Medicare Covers Home Health Care

Home healthcare services may be cheaper, more accessible, and just as effective than hospitalization. Check with your Medicare health plan to discover how you can access home health services.

Home healthcare workers have recently launched a campaign to secure better pay after two appellate court rulings determined they must receive minimum wage for 24-hour shifts, which include sleep time.

Supportive Services

Patients suffering from chronic diseases like heart failure, AIDS or cancer require home healthcare services for monitoring and medication management. This care allows them to remain in their familiar homes surrounded by loved ones, familiar places of worship and community support networks.

Medical home health care services are typically provided by nurses, therapists and other trained personnel, such as nurses or therapists. Services typically provided include wound care, injections and physical, occupational and speech therapy – according to Yount. Non-medical home health care entails assistance with daily tasks like bathing/dressing assistance meal prep/planning as well as transportation needs when necessary for doctor appointments or shopping excursions.

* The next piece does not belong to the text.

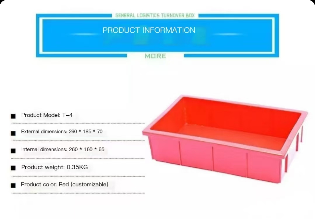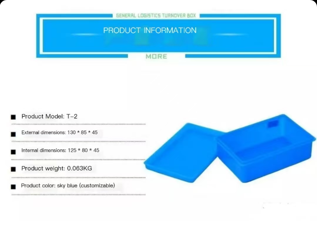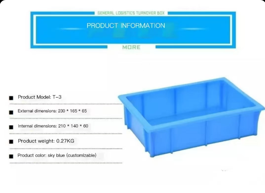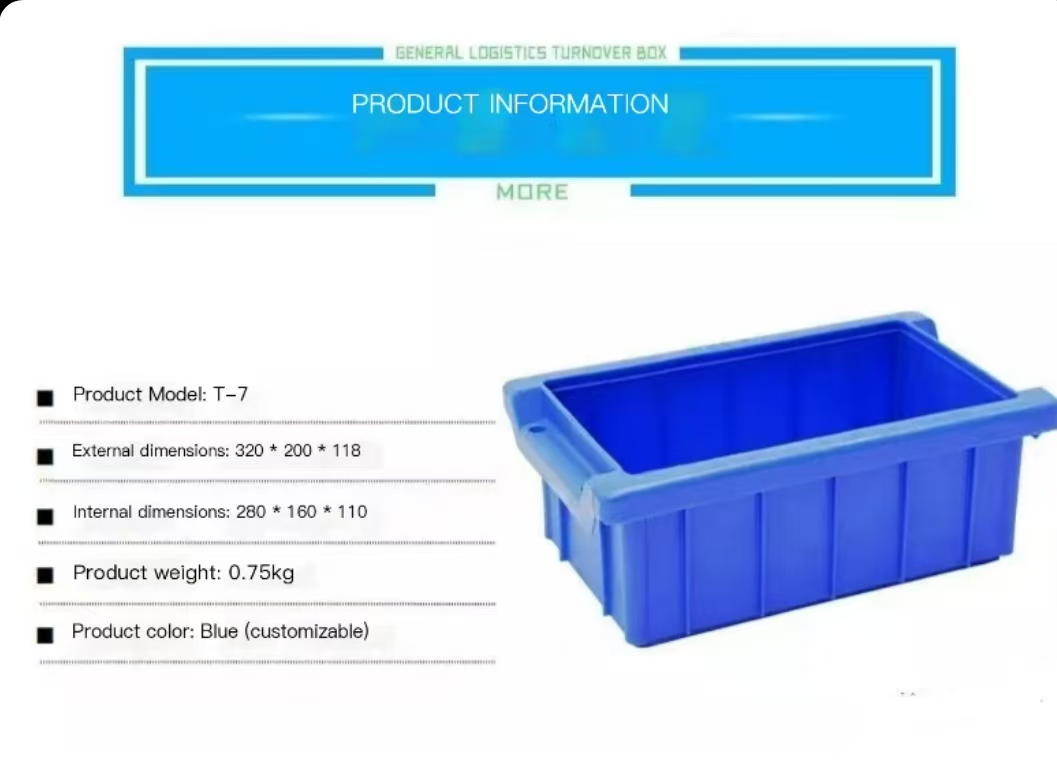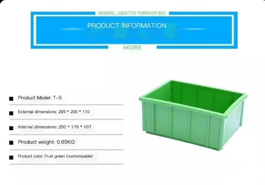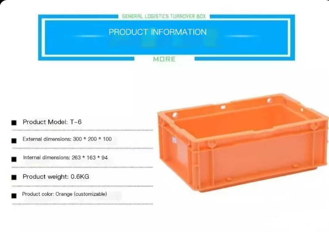 T series plastic box belongs to the general plastic box, the inner cavity is completely space, there are many products, complete specifications, suitable for all walks of life, to achieve a wide range of versatility, strong standard, convenient loading and unloading, convenient turnover, is the ideal choice of logistics equipment. And according to the needs of users to configure the logo rack, jet printing words, customized colors, flexible application.

Home health agencies must comply with both state and federal regulations that may differ depending on where they operate. Some private health plans cover home healthcare as do Medicare and Medicaid; both reimburse certified home healthcare agencies that offer intermittent visits at reduced costs while helping reduce unplanned hospital visits. Many states offer long term care insurance that can be purchased privately from various providers.

Skilled Services

Home health care services are provided by trained medical professionals such as nurses and physical therapists. Medical home healthcare providers assist physicians in treating various medical issues prescribed to them such as wound care, medication management and monitoring chronic conditions; additionally they also offer education, counseling and support services for both their patients and families.

Home healthcare agencies also offer home health aide services to assist patients in daily activities such as bathing, grooming and meal preparation. Home healthcare agencies work towards reducing avoidable hospital readmissions through providing education on proper home health services as well as contracting home healthcare aides independently or contracting one through an agency.

Home health care allows individuals to receive medical assistance in the comfort and familiarity of their own homes, close to family and friends. Home healthcare may be less costly, more convenient, and just as effective than hospitalization or skilled nursing facilities – typically covered at least partially by Medicare as well as private insurers or long-term care insurance plans.

Medicare Coverage

Medicare covers home health care provided by an agency certified with Medicare if you meet certain criteria:

Your condition requires you to leave your house with considerable effort, possibly using a wheelchair or walker, so a doctor or other practitioner must visit and confirm your need for home healthcare.

Your care plan must be written and reviewed regularly by a doctor or qualified practitioner, meet the Medicare deductible for durable medical equipment and pay 20% of Medicare-approved amounts for home healthcare services after you’ve met this threshold. Depending on the type of home health care, additional Medicare criteria may need to be fulfilled depending on its nature; an agency cannot deny, restrict, limit, or cut back your care without providing an Advance Beneficiary Notice (ABN), explaining why some care may require payment and which services may not be covered – these notices must contain information regarding potential alterations that might require payment as well as services that might not covered under Medicare coverage criteria.

Laws and Regulations

Home health agencies must comply with federal and state laws, regulations and policies; therefore they must implement an efficient legislative tracking process as well as proactive compliance strategies in order to remain compliant with new laws and regulations.

CHHAs must ensure that physicians or other non-physician practitioners certifying medical necessity of home health services do not work or contract for themselves with their home health agency, and prior authorizations must be signed off by attending physicians or qualified non-physician practitioners who have seen the member within 60 days.

If the CHHA determines that a member can be adequately and cost-effectively served by other home healthcare or long term care services in their social services district, they must document this decision in the plan of care or medical notes and notify both recipient and physician accordingly. Subsequently, an in-person meeting between recipient’s physician and CHHA must occur to discuss reduction of services; minutes from this meeting must also be recorded by CHHA.